**Exercise description:** No pictures go into the copy. Write out every line below exactly.

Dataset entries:
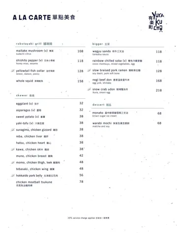 Yurakucho位于中环云咸街,是间日式居酒屋,店内装潢以黑色及木系为主调,展现出时尚而型格的氛围🖤 设计融入了不少日式元素,让人有种置身于日本的感觉🇯🇵 昏暗的灯光更增添了格调,非常舒适呢~😌平日午餐时间来到,看到有不少附近上班族也会来这里用餐☺️ Lunch Set包括主菜、渍物、沙律、甜品及饮品,价钱由HKD88起,非常划算👍🏻🤍炉端烧鸡扒 (HKD118)鸡扒外皮焦香,并带有淡淡的烟熏香气,内里嫩滑多汁🤤 而酱汁咸甜平衡,调味刚好✨🤍牛肉乌冬 (HKD138)牛肉肉质嫩滑,味道微甜,而乌冬口感弹牙有嚼劲,汤底亦不错呢~😋甜品是Tiramisu,咖啡味突出,口感层次丰富😍 而饮品方面,我们点了Prosecco及白酒各一杯(+HKD70@)🥂 在这样的环境气氛底下喝酒,真是一种享受😌📍Yurakucho - 中环云咸街43-55号余悦礼行地舖…查看更多
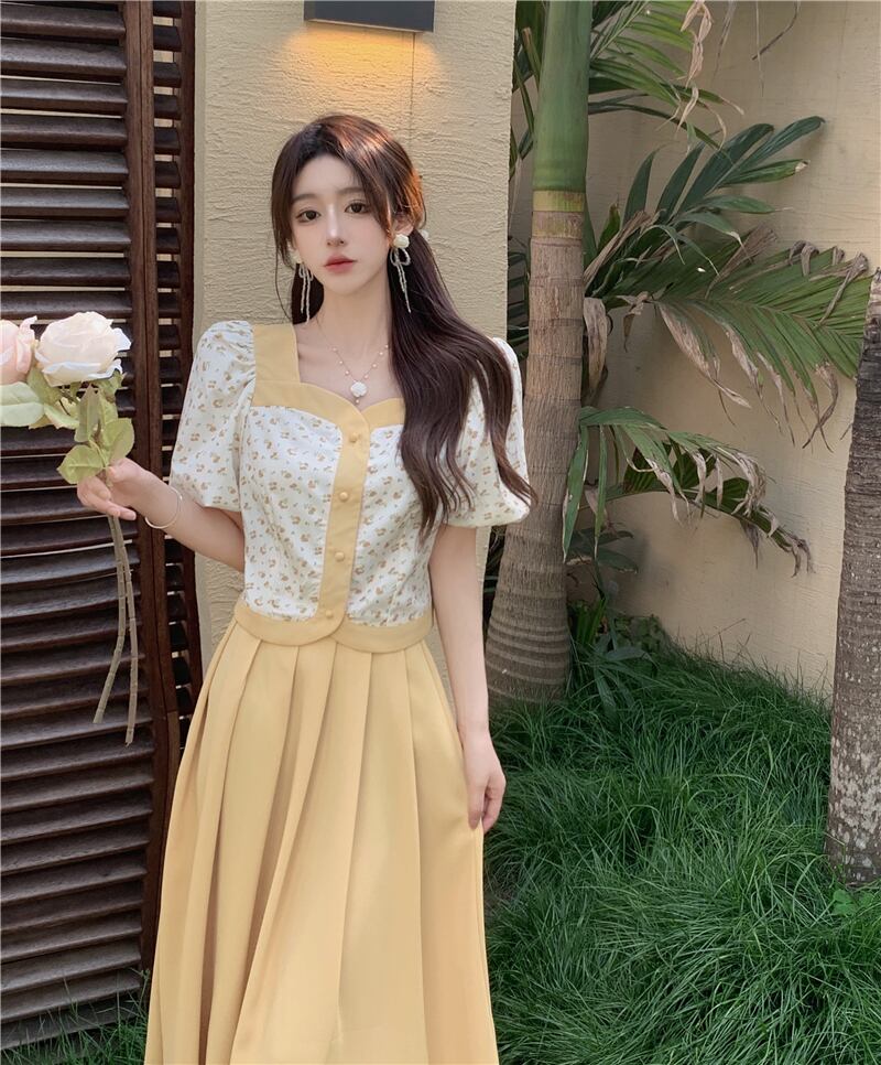 French bellflower two-piece suit summer 2022 new fashionable temperament short-sleeved shirt high-waisted skirt women's clothing サマー 夏物 スカート フラワーデザイン nana11529734923 | modepoisson
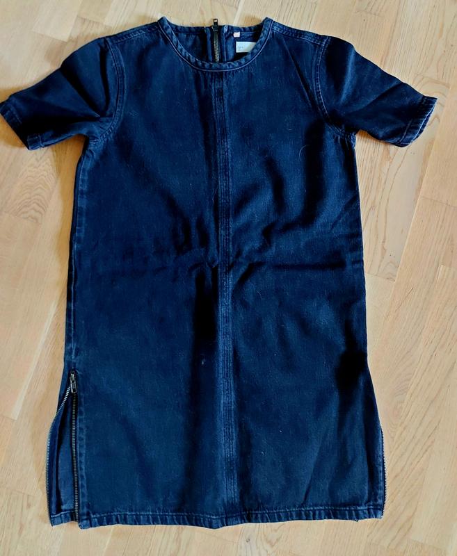 Платье короткое, свободного кроя. По бокам снизу молнии. Джинс плотный, не тянется. Стан - идеальный. Производство Турция. Размер M, S.
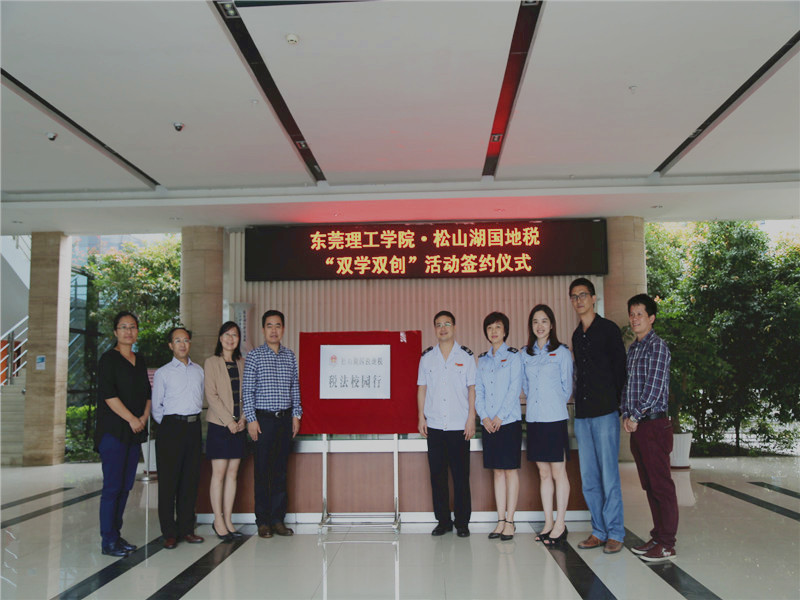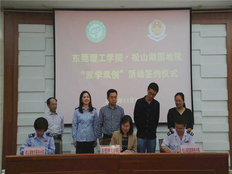 11月18日,经济与管理学院与松山湖国家税务分局、地方税务分局在松山湖校区学术会议中心举行校税“双学双创”合作签约仪式。我校教务处处长李勇、经管学院院长刘继云,松山湖国家税务分局局长吴钰全、松山湖地方税务分局局长刘继群代表校税双方为“税法校园行”品牌和“体验式”实习基地揭牌。
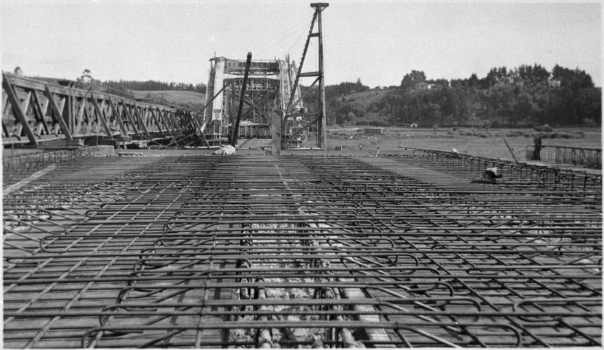 This was the second bridge over the Manawatu River in Palmerston North, replacing the original structure built in 1877. It was constructed by Fletcher Construction and remained until 1986 when it proved too small for the volume of traffic, particularly as it serves the main route to Massey University. the photograph, looking eastward, shows the steel reinforcing for the concrete decking. to the left can be seen the wooden sides of the first Fitzherbert Bridge.
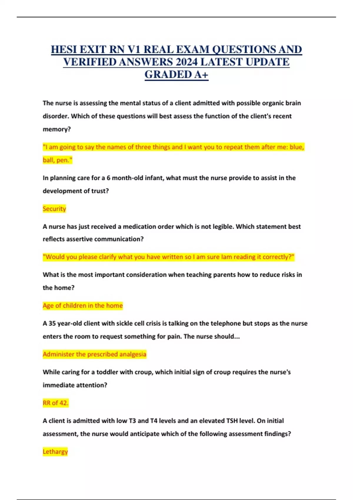 HESI EXIT RN V1 REAL EXAM QUESTIONS AND VERIFIED ANSWERS 2024 LATEST UPDATE GRADED A+

**Task output:**
 Yurakucho位于中环云咸街,是间日式居酒屋,店内装潢以黑色及木系为主调,展现出时尚而型格的氛围🖤 设计融入了不少日式元素,让人有种置身于日本的感觉🇯🇵 昏暗的灯光更增添了格调,非常舒适呢~😌平日午餐时间来到,看到有不少附近上班族也会来这里用餐☺️ Lunch Set包括主菜、渍物、沙律、甜品及饮品,价钱由HKD88起,非常划算👍🏻🤍炉端烧鸡扒 (HKD118)鸡扒外皮焦香,并带有淡淡的烟熏香气,内里嫩滑多汁🤤 而酱汁咸甜平衡,调味刚好✨🤍牛肉乌冬 (HKD138)牛肉肉质嫩滑,味道微甜,而乌冬口感弹牙有嚼劲,汤底亦不错呢~😋甜品是Tiramisu,咖啡味突出,口感层次丰富😍 而饮品方面,我们点了Prosecco及白酒各一杯(+HKD70@)🥂 在这样的环境气氛底下喝酒,真是一种享受😌📍Yurakucho - 中环云咸街43-55号余悦礼行地舖…查看更多
 French bellflower two-piece suit summer 2022 new fashionable temperament short-sleeved shirt high-waisted skirt women's clothing サマー 夏物 スカート フラワーデザイン nana11529734923 | modepoisson
 Платье короткое, свободного кроя. По бокам снизу молнии. Джинс плотный, не тянется. Стан - идеальный. Производство Турция. Размер M, S.
 11月18日,经济与管理学院与松山湖国家税务分局、地方税务分局在松山湖校区学术会议中心举行校税“双学双创”合作签约仪式。我校教务处处长李勇、经管学院院长刘继云,松山湖国家税务分局局长吴钰全、松山湖地方税务分局局长刘继群代表校税双方为“税法校园行”品牌和“体验式”实习基地揭牌。
 This was the second bridge over the Manawatu River in Palmerston North, replacing the original structure built in 1877. It was constructed by Fletcher Construction and remained until 1986 when it proved too small for the volume of traffic, particularly as it serves the main route to Massey University. the photograph, looking eastward, shows the steel reinforcing for the concrete decking. to the left can be seen the wooden sides of the first Fitzherbert Bridge.
 HESI EXIT RN V1 REAL EXAM QUESTIONS AND VERIFIED ANSWERS 2024 LATEST UPDATE GRADED A+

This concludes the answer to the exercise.